How to call a struct array to function?

There are two classes named employee in your code. One is in the global namespace, which is declared (not defined) in the declaration of the function readFile. The other class named employee is defined locally in the main function. These two are absolutely unrelated types.

That's why the compiler is saying that it cannot convert main()::employee* to employee*: it's trying to convert from the main-local type to the global type (and of course that's not possible).

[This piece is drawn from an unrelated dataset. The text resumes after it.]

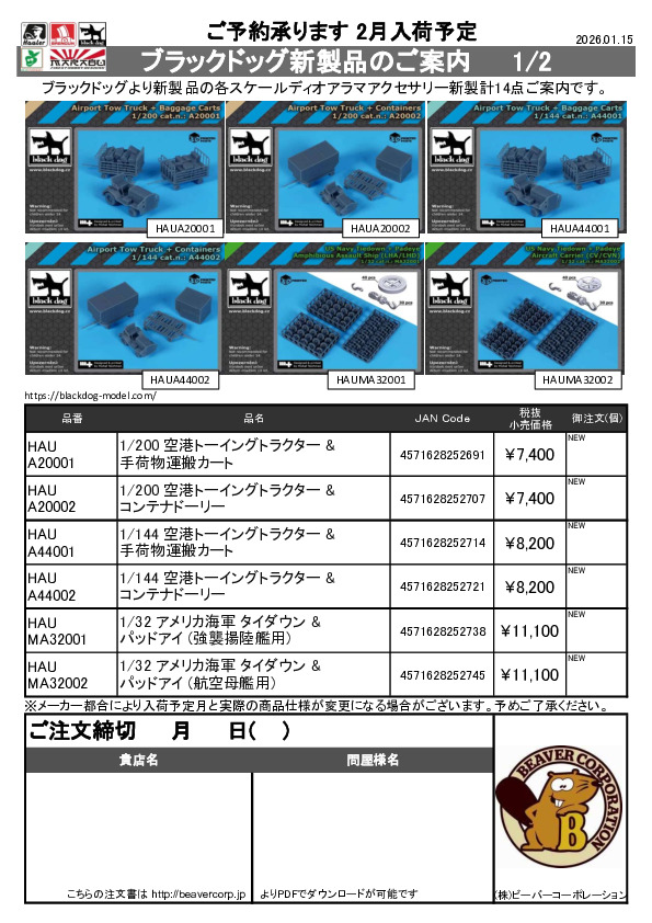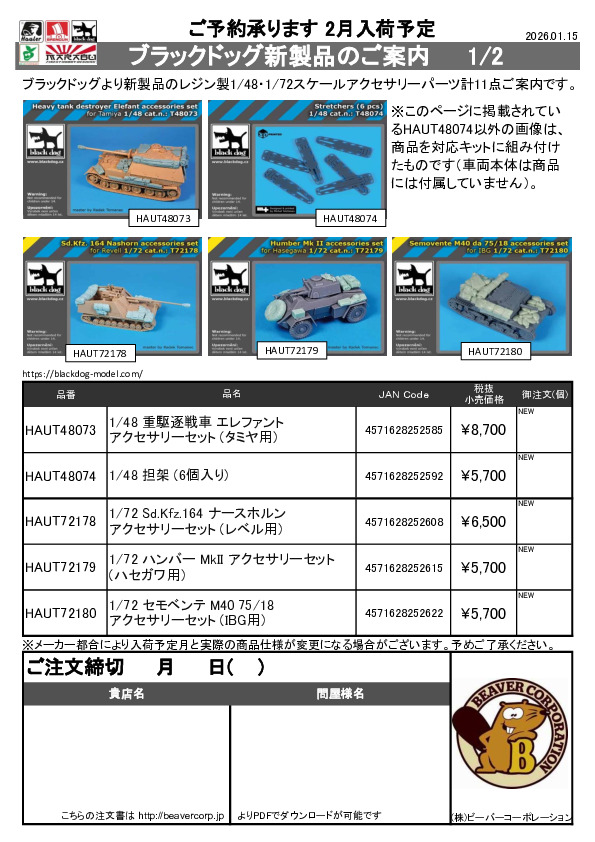 ブラックドッグ 新製品 1/48 1/72ミリタリー用注文書 2026.01.15

What you should do is move the definition of struct employee outside main, so that main creates objects of the global type:

#include <iostream>
#include <fstream>
using namespace std;

struct employee {
    string name;
    int id;
    float salary;
} array[size];

int readFile (ifstream *inFile, employee array[]);

int main () {
    int size = 10;
    employee array[size];
    ifstream inFile;
    readFile(&inFile, array);
    return 0;
}

int readFile (ifstream *inFile, employee array[]) {
    inFile->open("pay.txt");
    if(inFile->fail()) {
        cout << "fail";
        exit(1);
    } else {
        cout << "success";
    }
    return 0;
}

Also note that in C++, it's not necessary (nor common) to write struct employee, just employee is enough (as I did in the code above). Unlike in C, there is no "tag namespace", type names use the same scoping rules as everything else.